Christopher si limitò ad annuire mentre curiosava in auto. Sui sedili posteriori c'era un incarto proveniente dalla pasticceria. «Pasticceria?»

«È una torta alla crema», rispose Victor alla domanda implicita, «Il vecchio l'ha comprata apposta, dice che è buona educazione portare qualcosa quando si è invitati. Io gli ho risposto che bastava la mia stupenda e meravigliosa presenza, ma lui mi ha guardato come se fossi pazzo e stessi dicendo eresie.» La mancata risposta costrinse il teppista ad occhieggiare il ragazzo al suo fianco, scoprendo che lo stava fissando come se avesse appena detto una stronzata. «Andiamo, non guardarmi anche tu in quel modo!» Price era passato dal mutismo a parlare senza tregua, come acqua fuoriuscita da una piccola crepa di una diga.

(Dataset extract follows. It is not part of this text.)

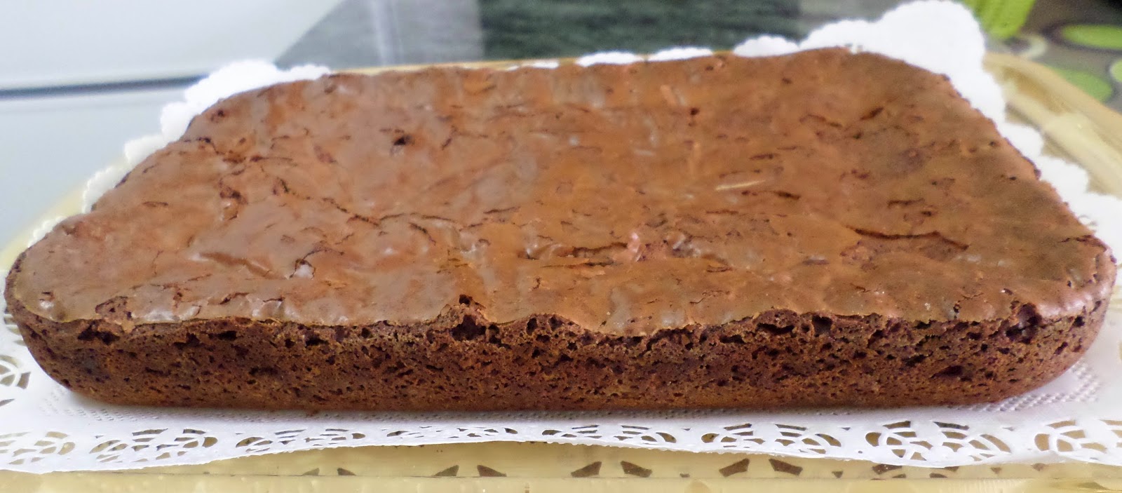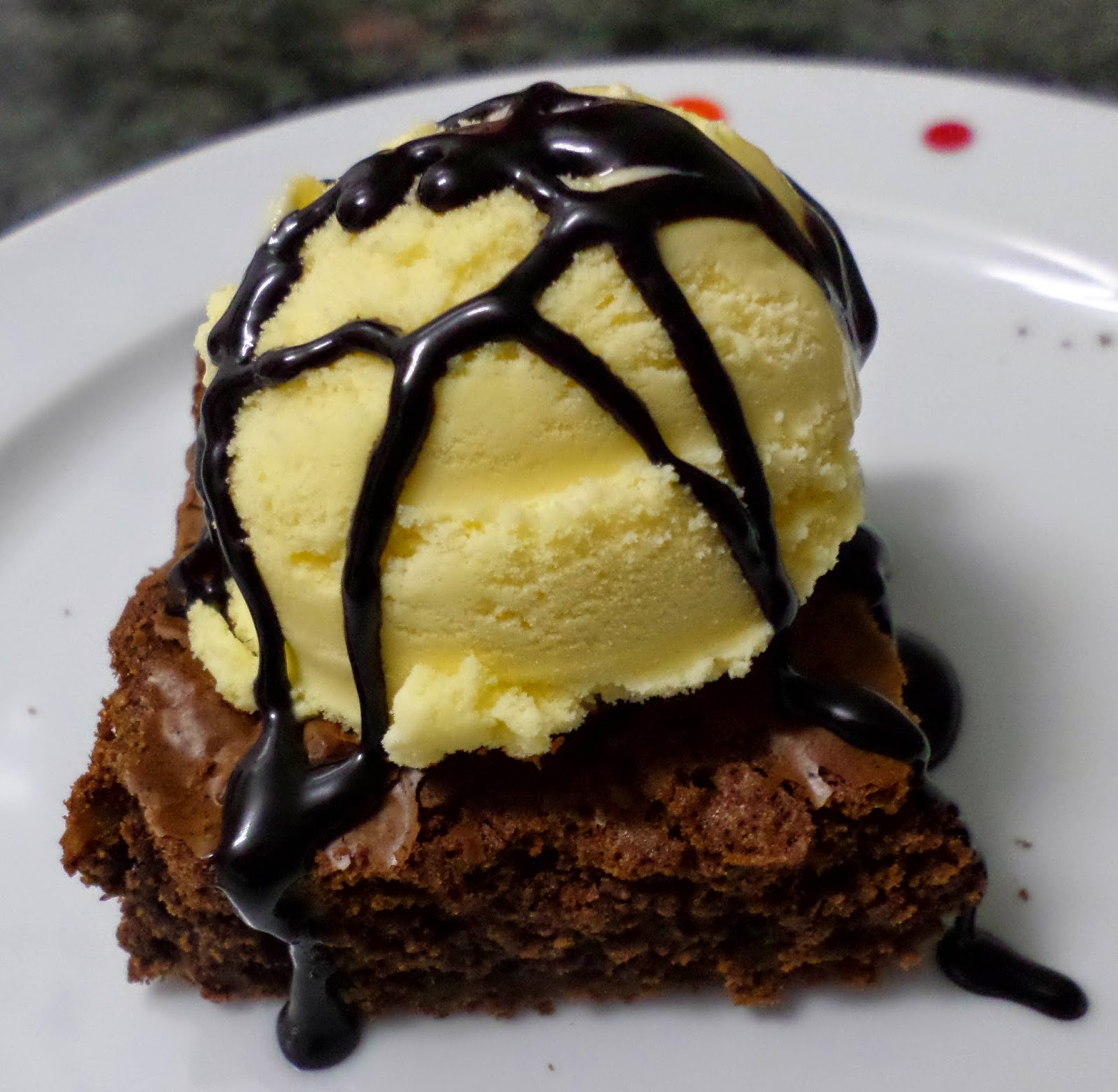 Cortamos en cuadraditos y para servir untamos con chocolate fundido y adornamos con sirope de chocolate.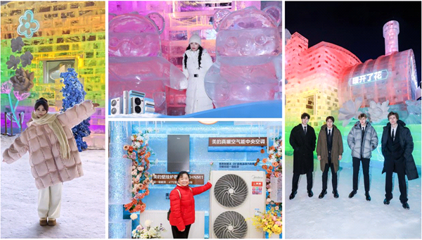 其中,“金马影后”马思纯携手美的中央空调研发总监雷俊杰,在此开启一场特别直播——车外是零下十几度的凛冽寒风,车内却恒温26℃、鲜花盛放,众多游客与线上观众循着暖意而来,共同见证这场跨越50℃温差的温暖相遇。这场集结明星与行业专家的直播,不仅是冰雪大世界的特色打卡体验,更用“科技+场景”的直观呈现,展现了家电品牌对冬日温暖的全新诠释。

«Quale modo?» sghignazzò Chris, facendo il finto tonto.

«Con quello sguardo accondiscendente.» cercò di mascherare la sua ilarità mordendosi il labbro inferiore.

White era riuscito a strappargli finalmente un sorriso vero dopo giorni. «Ricordami perché ho accettato di accompagnarti.»

«Perché non hai trovato una scusa credibile.»

«Giusto» Christopher annuì come se si fosse appena ricordato che la sua inventiva era così tanto scarna da non essere riuscito ad inventarsi una giustificazione plausibile per rifiutare.

Si fermarono ad un semaforo. «E anche perché baci la terra dove cammino, sono la luce dei tuoi occhi.» aggiunse Price teatralmente poggiandosi una mano al petto come se fosse Romeo e stesse chiamando Giulietta alla finestra. «Sono il motivo per cui ti svegli la mattina.»